» **What you need to do**
Apart from the images, every record here needs to be copied exactly.

» **Input data**

"""

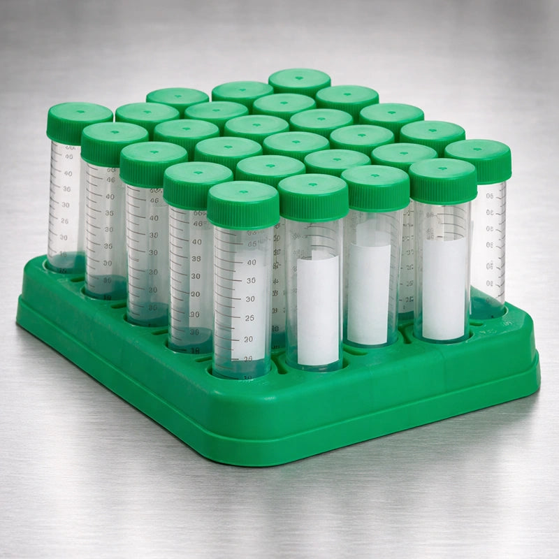 Perfect for agar slants and the Castellani Method, these sterile 50 mL conical tubes come ready to use in a reusable plastic rack. Designed for organized lab work without needing a full case.
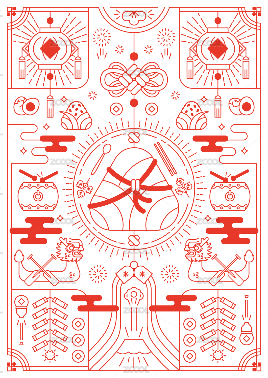端午节大粽子香包灯笼龙舟喜庆线性庆典海报
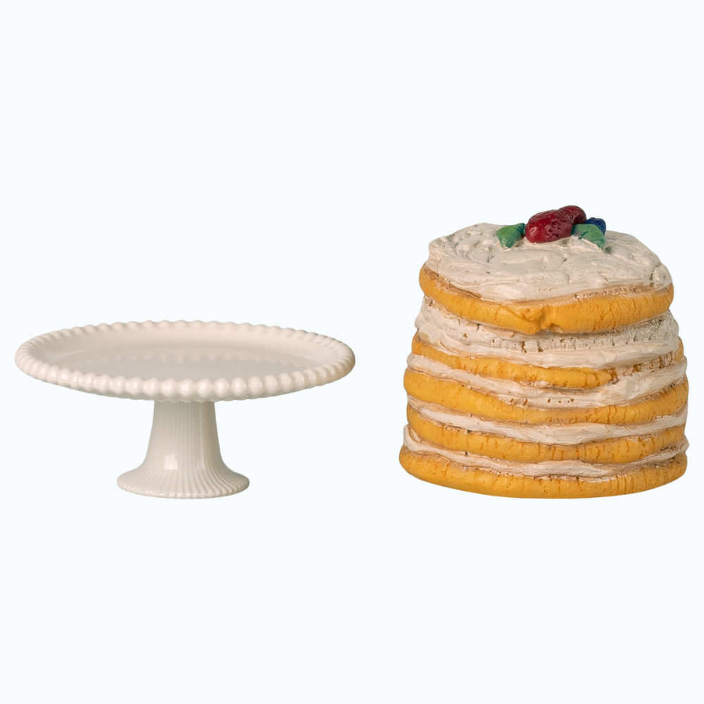 Maileg stworzył miniaturowy „deserowy kącik”, gdzie tort i patera stają się centrum świętowania – idealne do odgrywania urodzin, przyjęć i rodzinnych spotkań.
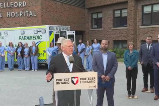 安大略省省长道格·福特访问坎贝尔福德,向其兜售250万美元的计划拨款,用于校园护理项目,以取代老旧的医院
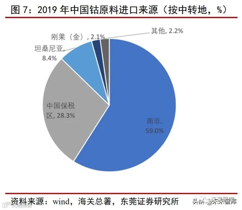 中国钴原料进口地、中转地高度集中。根据海关数据,2019 年,按照产销地统计, 我国从刚果(金)进口钴原料(包括钴矿和钴湿法冶炼中间品)为 6.41 万吨,占整体进 口量比例为 51.5%,从南非进口钴原料 3.44 万吨,占比为 27.6%。按中转地统计,2019 年我国钴原料进口经南非进行中转占比达到 59%,经坦桑尼亚中转运输的钴原料占比为 8.4%。
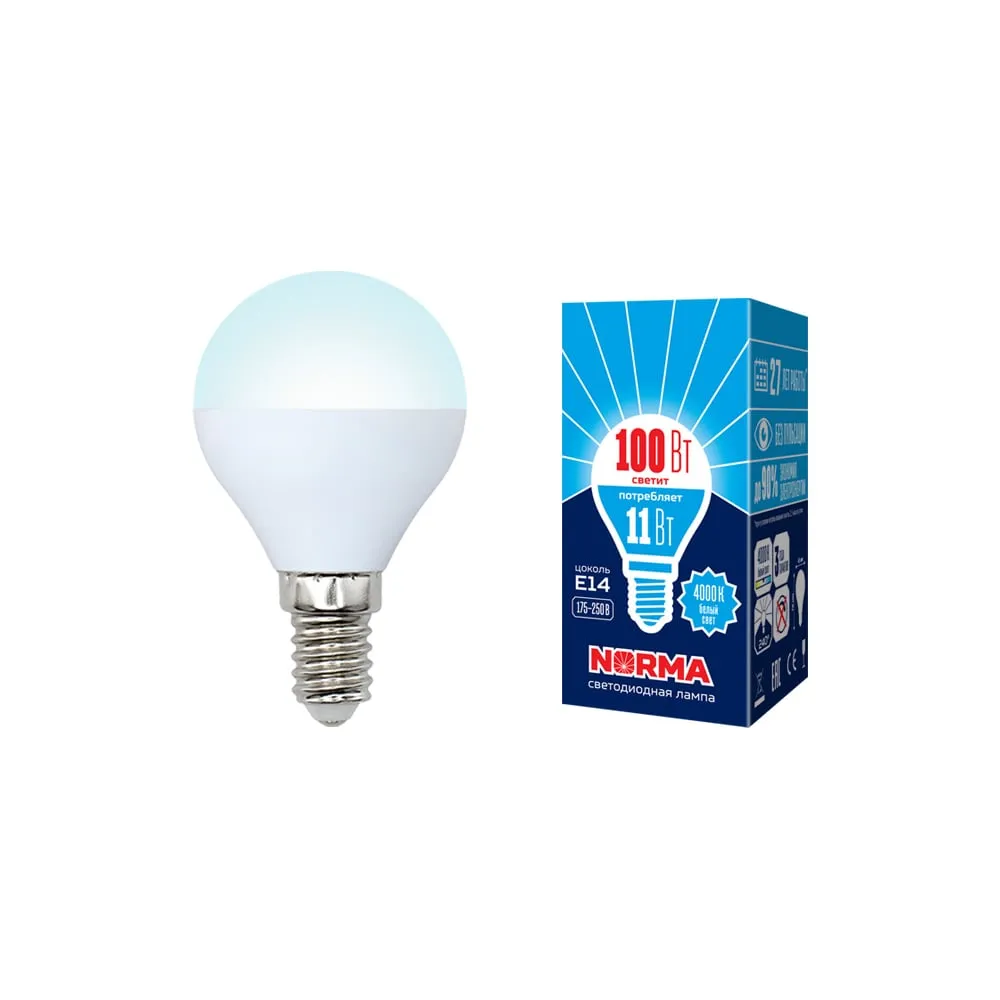 Цены на похожие товары Volpe, 4000 K, 900 Лм, 80 Ra, 11 Вт, G, 220 В, e14, шар
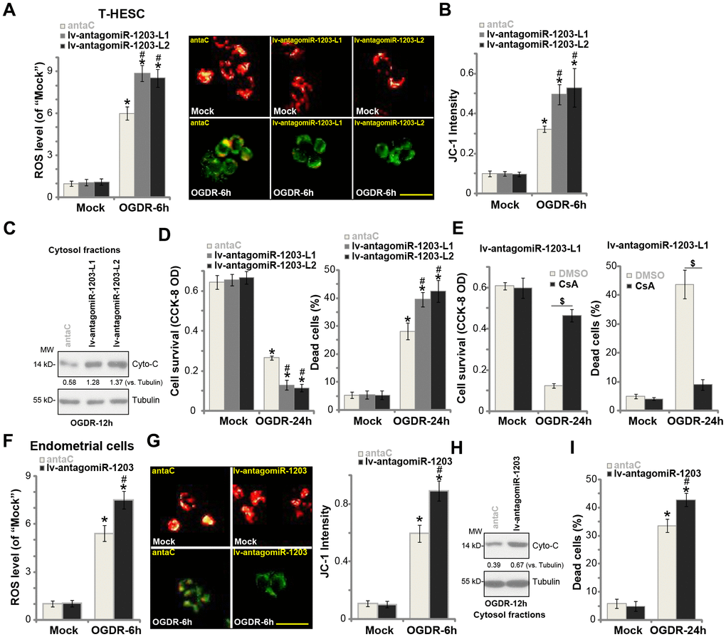 Based on the results in Figure 3, we hypothesized that experimental miR-1203 inhibition could possibly intensify OGDR-induced cytotoxicity in human endometrial cells, as it resulted in CypD upregulation (see Figure 2). The stable T-HESC cells with lv-antagomiR-1203 (see Figure 2) were subjected to OGDR procedure. As shown, as compared to control cells with anta-C (see Figure 2), lv-antagomiR-1203-expressing T-HESC cells showed increased ROS production (Figure 4A). OGDR-induced mitochondrial depolarization, or JC-1 green fluorescence accumulation, was intensified with forced miR-1203 inhibition (Figure 4B). Furthermore, after miR-1203 inhibition, cytosol cytochrome c release was significantly augmented (Figure 4C). The lv-antagomiR-1203-expressing T-HESC cells were more vulnerable to OGDR, presented with enhanced cell viability reduction (Figure 4D, the left panel) and necrosis (LDH assay, Figure 4D, the right panel), when compared to the control cells. Additional experimental results show that OGDR-induced profound cytotoxicity and necrosis in lv-antagomiR-1203-expressing T-HESC cells (“L1”) were largely attenuated by CsA, the CypD blocker [21, 22] (Figure 4E). These results indicate that forced miR-1203 inhibition induced CypD elevation, therefore aggravating OGDR’s cytotoxicity in endometrial cells.
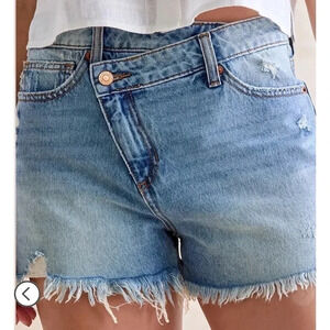 New with tags Sneak Peek Vivian asymmetric detail denim shorts in size Large. Distressed denim with frayed bottom. Made of 99% cotton and 1% spandex.
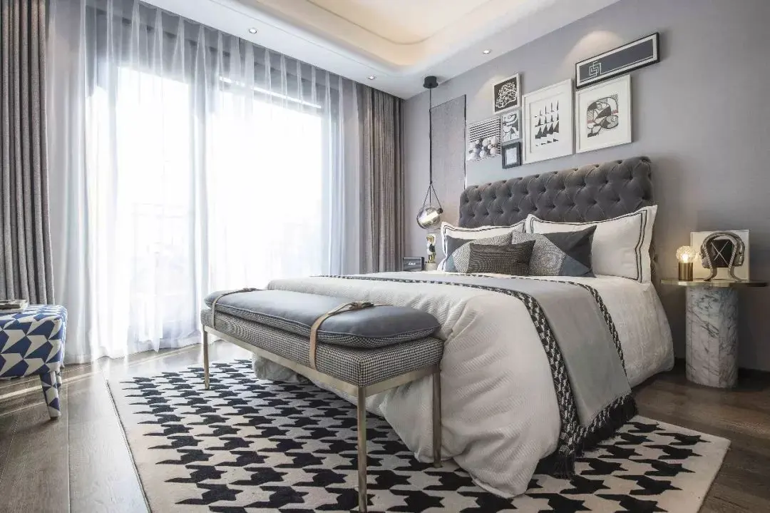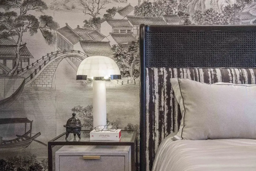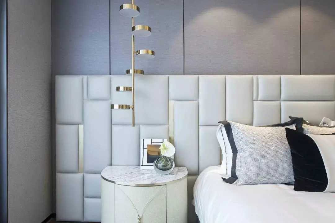 ▲黑白搭配像一道瀑布飞流直下,床头金属质地的灯具打造了一个具有轻奢质感的休息环境。
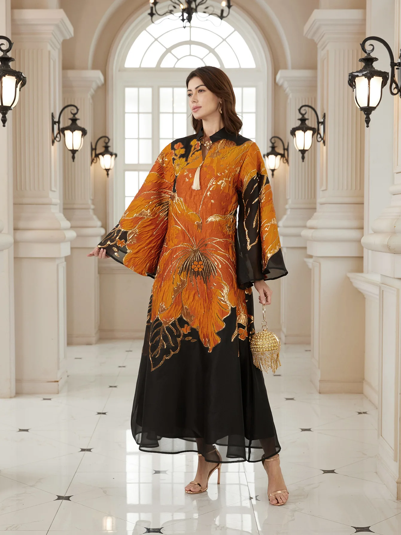 New Women's Clothing Middle East Saudi Arabia Abaya Creative Floral Art Pattern Muslim Long Robe Dress
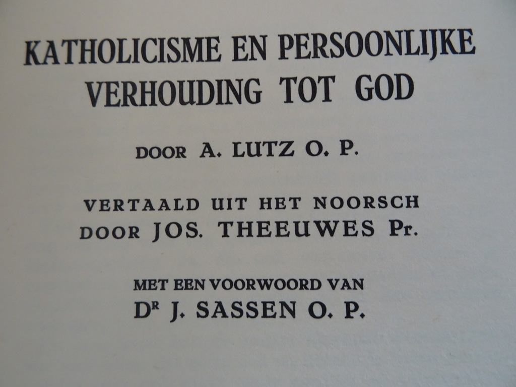 A. Lutz Katholicisme en persoonlijke verhouding tot God, eerste Nederlandse druk uit 1929. Vertaald uit het Noorsch door Jos. Theeuwes. In een prachtige gebruikte staat, zie foto’s. Van binnen nog mooi, in ieder geval ongelezen. De pagina’s dienen nog losgesneden te worden. Indien gewenst wordt dit nog gedaan voor u (zo goed als mogelijk). 68 pagina’s. Afkomstig uit de collectie van een pastoor op leeftijd.
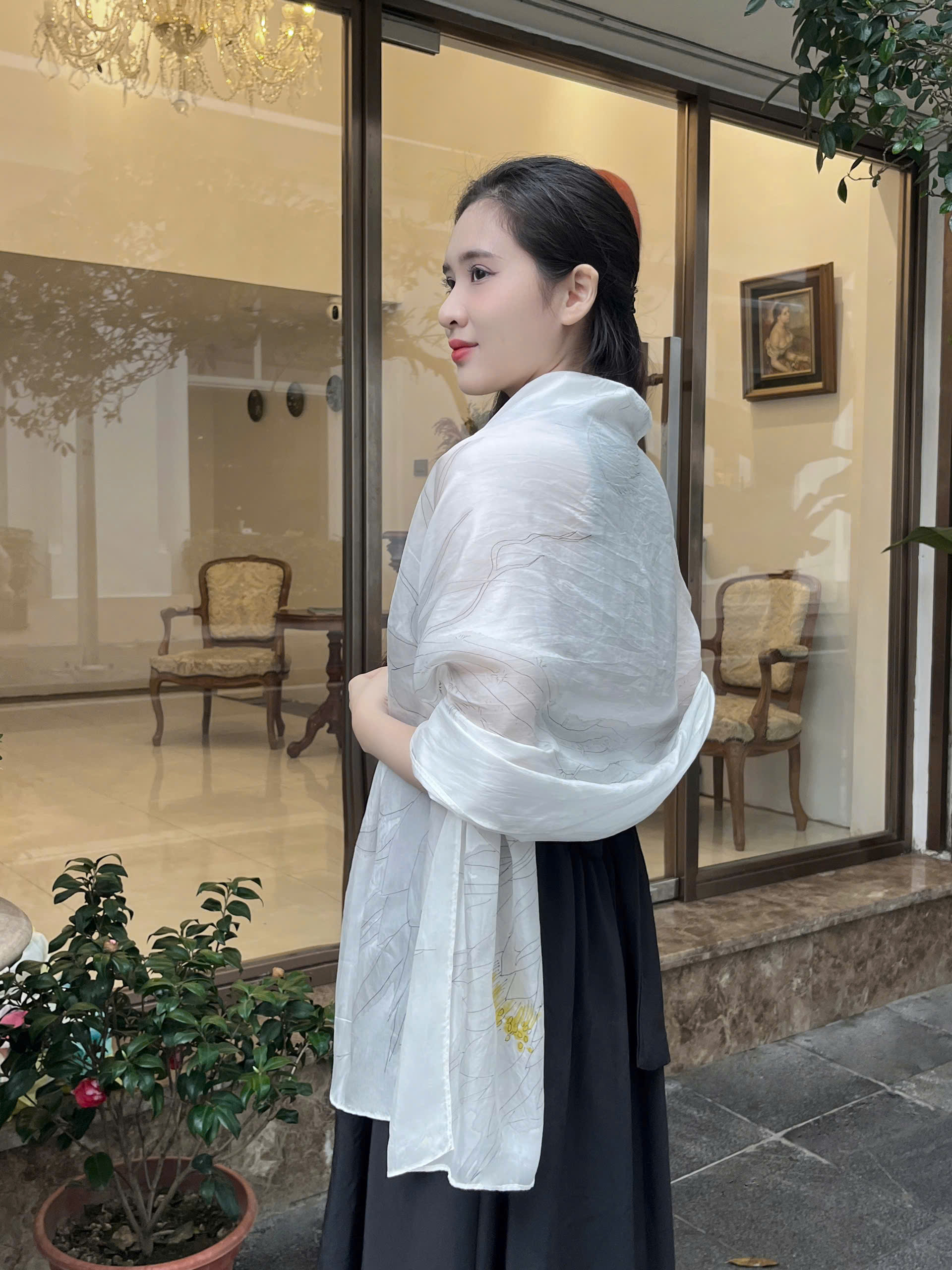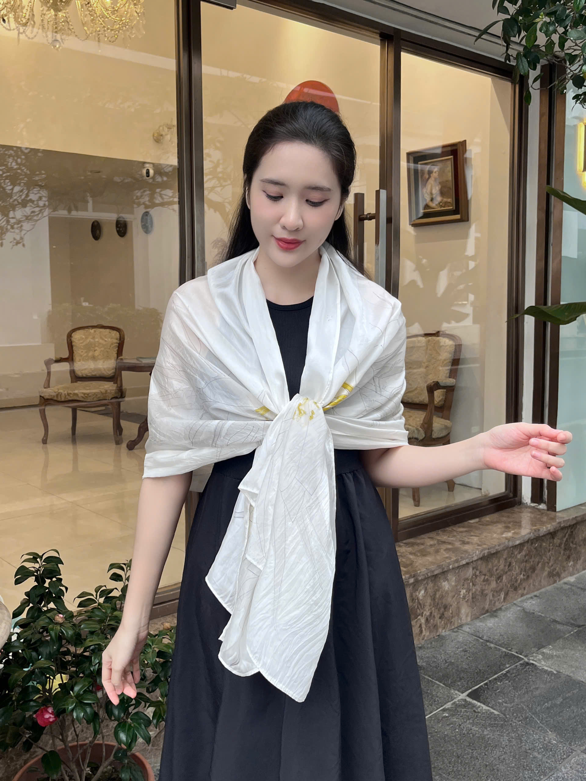 Chiếc khăn không chỉ là phụ kiện thời trang tinh tế mà còn mang ý nghĩa về vẻ đẹp thuần khiết, sự thanh cao và những khoảnh khắc quý giá.
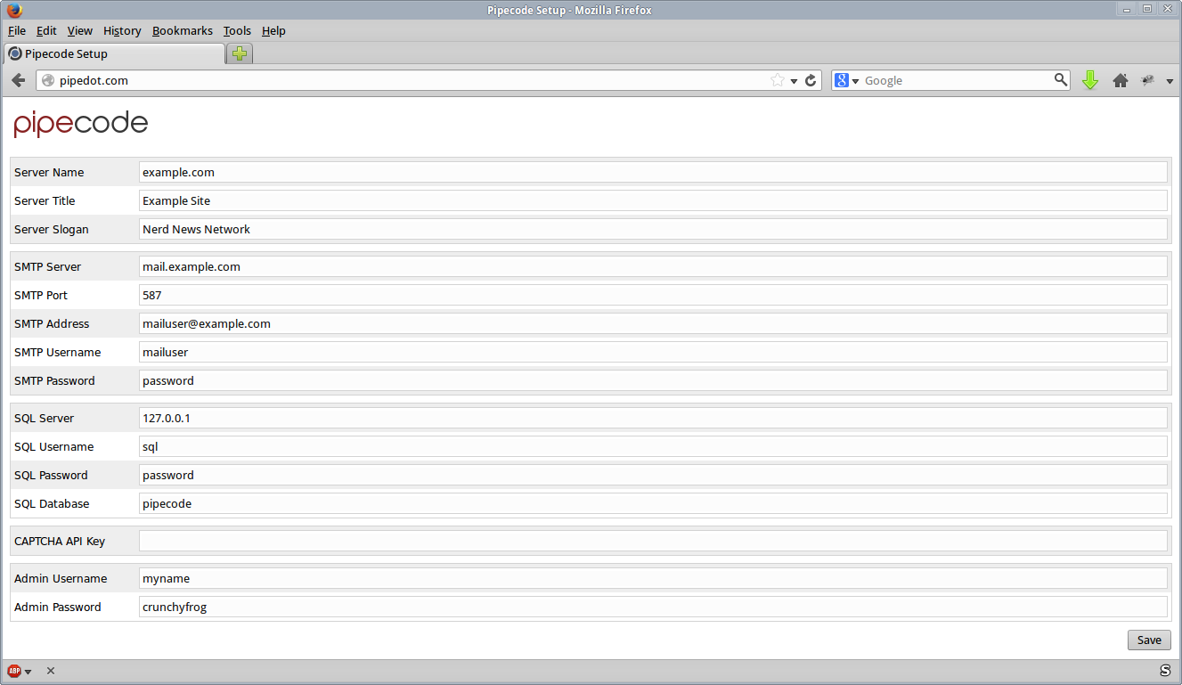 ConfigureNow that you've installed Pipecode, fire up a browser and point it to the address of your new webserver. The installation wizard should be visible. If not, then you foobar'ed something and need to go back. SMTPPipecode sends users email for registration, notifications, and other stuff. Therefore, you need a valid mail server account. The default SMTP port is 25, but port 587 is becoming popular for submission. Pipecode will use SMTP AUTH with TLS encryption. If your server doesn't support this, well, it should. Fix it. SQLFill in the required information, such as "SQL Server", "SQL Username", "SQL Password", and "SQL Database" CAPTCHAYou should get a textcaptcha.com API key so that you can download new CAPTCHA strings. If you don't want to use their free service, you can generate your own and leave this field blank. Admin AccountEnter a username and password for the admin user account. You will do all further configuration to the system by logging into this account. FinishOnce you are satisfied, click the "Save" button at the bottom to generate your config file. If all goes well, you should be up and running with a new Pipecode installation! |

"""

» **Reply to the task**
 Perfect for agar slants and the Castellani Method, these sterile 50 mL conical tubes come ready to use in a reusable plastic rack. Designed for organized lab work without needing a full case.
端午节大粽子香包灯笼龙舟喜庆线性庆典海报
 Maileg stworzył miniaturowy „deserowy kącik”, gdzie tort i patera stają się centrum świętowania – idealne do odgrywania urodzin, przyjęć i rodzinnych spotkań.
 安大略省省长道格·福特访问坎贝尔福德,向其兜售250万美元的计划拨款,用于校园护理项目,以取代老旧的医院
 中国钴原料进口地、中转地高度集中。根据海关数据,2019 年,按照产销地统计, 我国从刚果(金)进口钴原料(包括钴矿和钴湿法冶炼中间品)为 6.41 万吨,占整体进 口量比例为 51.5%,从南非进口钴原料 3.44 万吨,占比为 27.6%。按中转地统计,2019 年我国钴原料进口经南非进行中转占比达到 59%,经坦桑尼亚中转运输的钴原料占比为 8.4%。
 Цены на похожие товары Volpe, 4000 K, 900 Лм, 80 Ra, 11 Вт, G, 220 В, e14, шар
 Based on the results in Figure 3, we hypothesized that experimental miR-1203 inhibition could possibly intensify OGDR-induced cytotoxicity in human endometrial cells, as it resulted in CypD upregulation (see Figure 2). The stable T-HESC cells with lv-antagomiR-1203 (see Figure 2) were subjected to OGDR procedure. As shown, as compared to control cells with anta-C (see Figure 2), lv-antagomiR-1203-expressing T-HESC cells showed increased ROS production (Figure 4A). OGDR-induced mitochondrial depolarization, or JC-1 green fluorescence accumulation, was intensified with forced miR-1203 inhibition (Figure 4B). Furthermore, after miR-1203 inhibition, cytosol cytochrome c release was significantly augmented (Figure 4C). The lv-antagomiR-1203-expressing T-HESC cells were more vulnerable to OGDR, presented with enhanced cell viability reduction (Figure 4D, the left panel) and necrosis (LDH assay, Figure 4D, the right panel), when compared to the control cells. Additional experimental results show that OGDR-induced profound cytotoxicity and necrosis in lv-antagomiR-1203-expressing T-HESC cells (“L1”) were largely attenuated by CsA, the CypD blocker [21, 22] (Figure 4E). These results indicate that forced miR-1203 inhibition induced CypD elevation, therefore aggravating OGDR’s cytotoxicity in endometrial cells.
 New with tags Sneak Peek Vivian asymmetric detail denim shorts in size Large. Distressed denim with frayed bottom. Made of 99% cotton and 1% spandex.
 ▲黑白搭配像一道瀑布飞流直下,床头金属质地的灯具打造了一个具有轻奢质感的休息环境。
 New Women's Clothing Middle East Saudi Arabia Abaya Creative Floral Art Pattern Muslim Long Robe Dress
 A. Lutz Katholicisme en persoonlijke verhouding tot God, eerste Nederlandse druk uit 1929. Vertaald uit het Noorsch door Jos. Theeuwes. In een prachtige gebruikte staat, zie foto’s. Van binnen nog mooi, in ieder geval ongelezen. De pagina’s dienen nog losgesneden te worden. Indien gewenst wordt dit nog gedaan voor u (zo goed als mogelijk). 68 pagina’s. Afkomstig uit de collectie van een pastoor op leeftijd.
 Chiếc khăn không chỉ là phụ kiện thời trang tinh tế mà còn mang ý nghĩa về vẻ đẹp thuần khiết, sự thanh cao và những khoảnh khắc quý giá.
 ConfigureNow that you've installed Pipecode, fire up a browser and point it to the address of your new webserver. The installation wizard should be visible. If not, then you foobar'ed something and need to go back. SMTPPipecode sends users email for registration, notifications, and other stuff. Therefore, you need a valid mail server account. The default SMTP port is 25, but port 587 is becoming popular for submission. Pipecode will use SMTP AUTH with TLS encryption. If your server doesn't support this, well, it should. Fix it. SQLFill in the required information, such as "SQL Server", "SQL Username", "SQL Password", and "SQL Database" CAPTCHAYou should get a textcaptcha.com API key so that you can download new CAPTCHA strings. If you don't want to use their free service, you can generate your own and leave this field blank. Admin AccountEnter a username and password for the admin user account. You will do all further configuration to the system by logging into this account. FinishOnce you are satisfied, click the "Save" button at the bottom to generate your config file. If all goes well, you should be up and running with a new Pipecode installation! |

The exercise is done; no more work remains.